# Bakit kita nakilala?



## ITGuru

A Filipino girl wrote me a note ,it was quite intriguing when i used google translate but i never got the true meaning of it , so im asking you Filipino peoples help in translating what she had written  
heres the note :

*Pagkakataon*


Bakit kita nakilala? 
Bakit tayo nagkalapit ng ganito? 
Bakit ba naging malapit ka sa akin? Hindi lang sa akin kundi pati sa puso ko.. sa puso ko na alam kong may mali.. kung mabibigyan lang ako ng pagkakataon. siguro pipiliin ko din mabuhay muli malapit sa buhay mo na tinatahak mo ngayon..masaya naman at kontento ako sa buhay na meron ako. Pero napapa-isip ako kung paano mabuhay ng kasama ka at mapadama ko ang pag mamahal ko ng buong buo.. pagkakataon na alam kong malabong mangyare..


----------



## DotterKat

Here is a translation with some shifts in tense and added modifiers to stay true to the spirit of the original text, which is somewhat semi-poetic.
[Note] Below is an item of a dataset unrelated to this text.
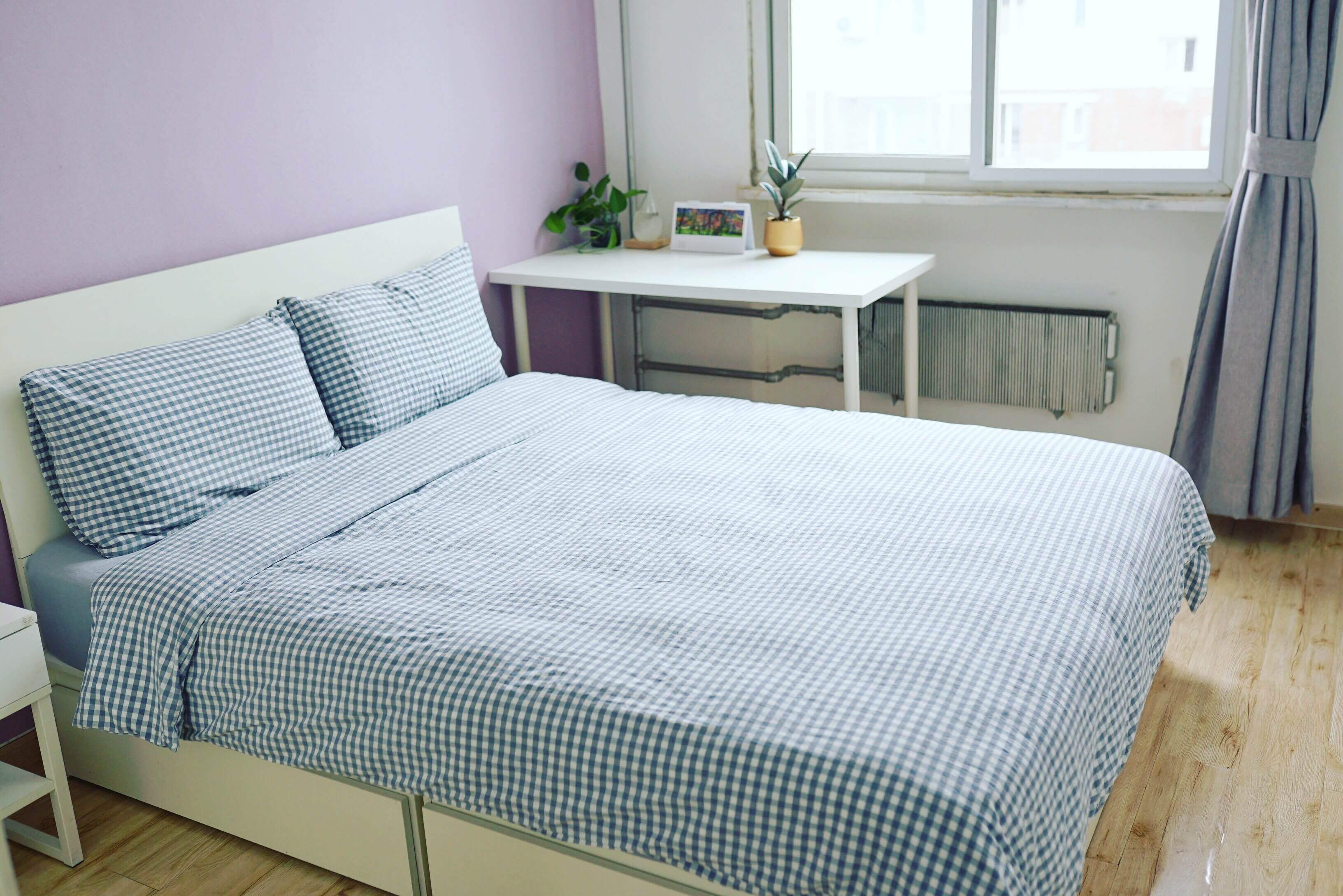 蓝色港湾旁朝南12平干净舒适次卧出租,这是三居中的一个房间,另外两个房间分别住着我还有另外一位特别nice的女生,出门就是地铁口,小区对面朝阳公园,小区门口就是各种超市和餐厅、健身房,走路几分钟就到蓝色港湾和亮马河,骑共享单车十几分钟到三里屯。 超便利干净舒适12平次卧出租,月租¥3380(含各种家居日常维修费、水费、电费、燃气费、暖气费、2000M超高速宽带费用、公共用品费用如桶装饮用水洗衣液柔顺剂餐巾纸厨房纸巾沐浴露洗发水洗脸巾等,以及每月会有全屋保洁)。无中介费及其他任何费用。可短租¥128/天,床品日用品都有可直接入住。 小区东门就是14号线枣营站地铁口,房子是一个80平米三居室,很干净舒适明亮,南北通透。小区门口就是地铁站,小区北门就有京客隆超市、水果店、菜市场、药店、快餐店、餐厅、健身房,生活超级方便。步行几分钟即可到达蓝色港湾购物中心和好运街。毗邻三里屯和国贸。 我是一名互联网设计师,很爱干净也很nice,在Airbnb中被评为超赞房东多年,热爱健身,欢迎小伙伴们来入住! Super convenient, clean and comfortable bedroom for rent. The monthly rent is ¥3380 (including water charges, electricity charges, gas charges, 2000M broadband fees and cleaning fee, etc.) . The house is next to Chaoyang Park (just opposite to the subway entrance of Zaoying station on line 14). It is an 80 square meter three bedroom house, clean, comfortable and bright. The entrance of the community is the subway station, and there are supermarket, fruit store, vegetable market, pharmacy, restaurant and gym near the community, so the life is super convenient. A few minutes walk to the Solana shopping center and Lucky Street. It is adjacent to Sanlitun and Guomao. I am an Internet designer. I’m very friendly. I have been rated as excellent landlord in Airbnb for many years. I love fitness. Welcome to stay here!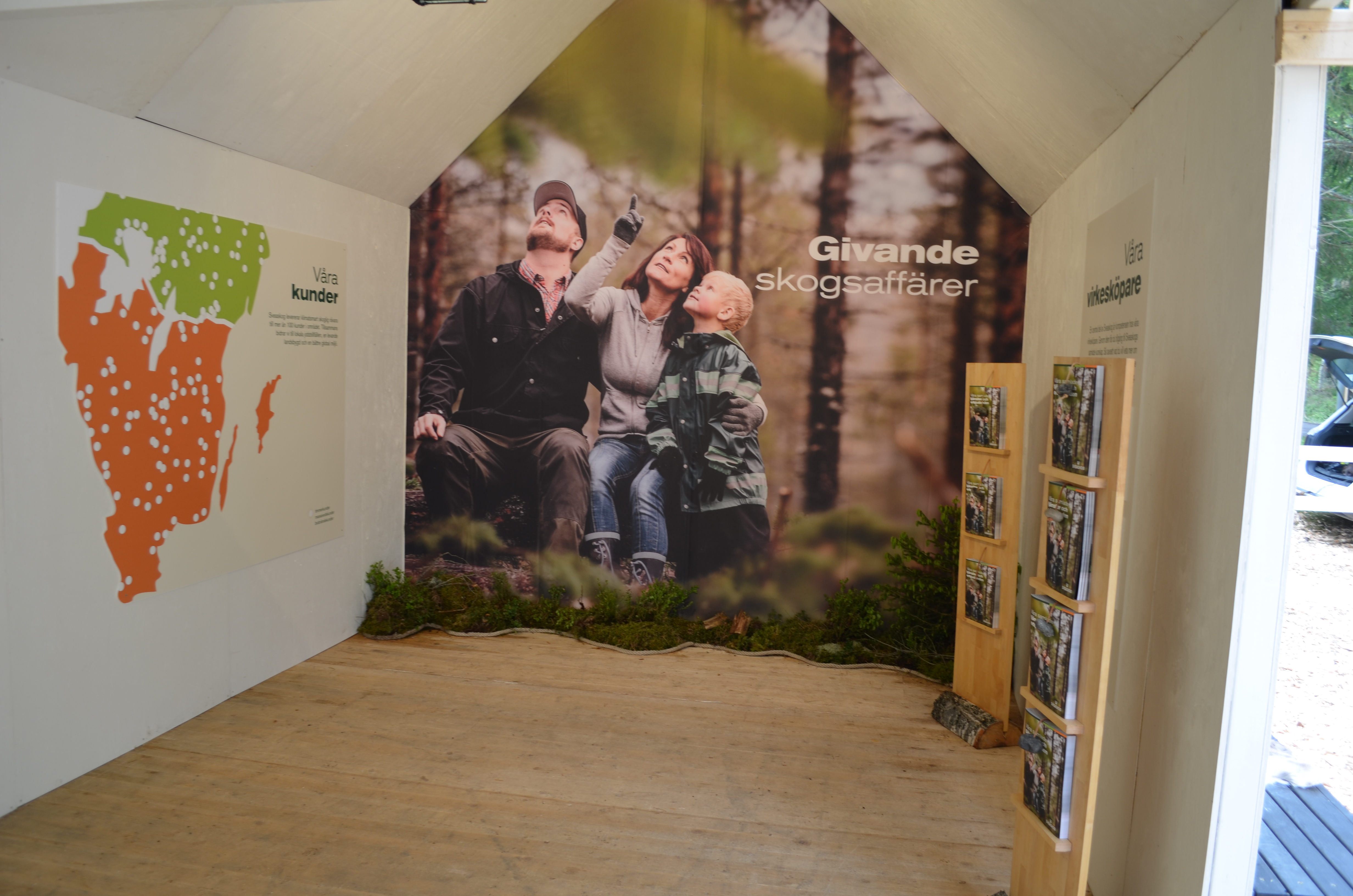 • Beskrivning: Del av Sveaskog monter, annonser, marknadsföring, Sveaskog på SkogsElmia, skogsmässa, jönköping,

Why did I ever get to know you?
Why did we ever get this close?
Why did you ever get this close to me? Not just to me, but to my heart as well ... my heart, of which I am well aware something is amiss... if only I could be given the chance, I would perhaps choose to live anew closer to your life, the life you are traversing right now. I am quite happy and content with the life I have now. However, sometimes I do wonder how life would be if we were together and I could make you feel my love for you in its entirety... a chance that I am aware is very unlikely to happen.


----------



## ITGuru

Thank you very much Dotterkat, i knew how she felt for me  and yes she used to get all poetic also , knowing now how much the note meant im awe struck and spell bound . i should have never let her go that far , if only she could know how much she meant for me now . spoken all those words which were unsaid and feel our eternal love....
thanks again for quick translation.


----------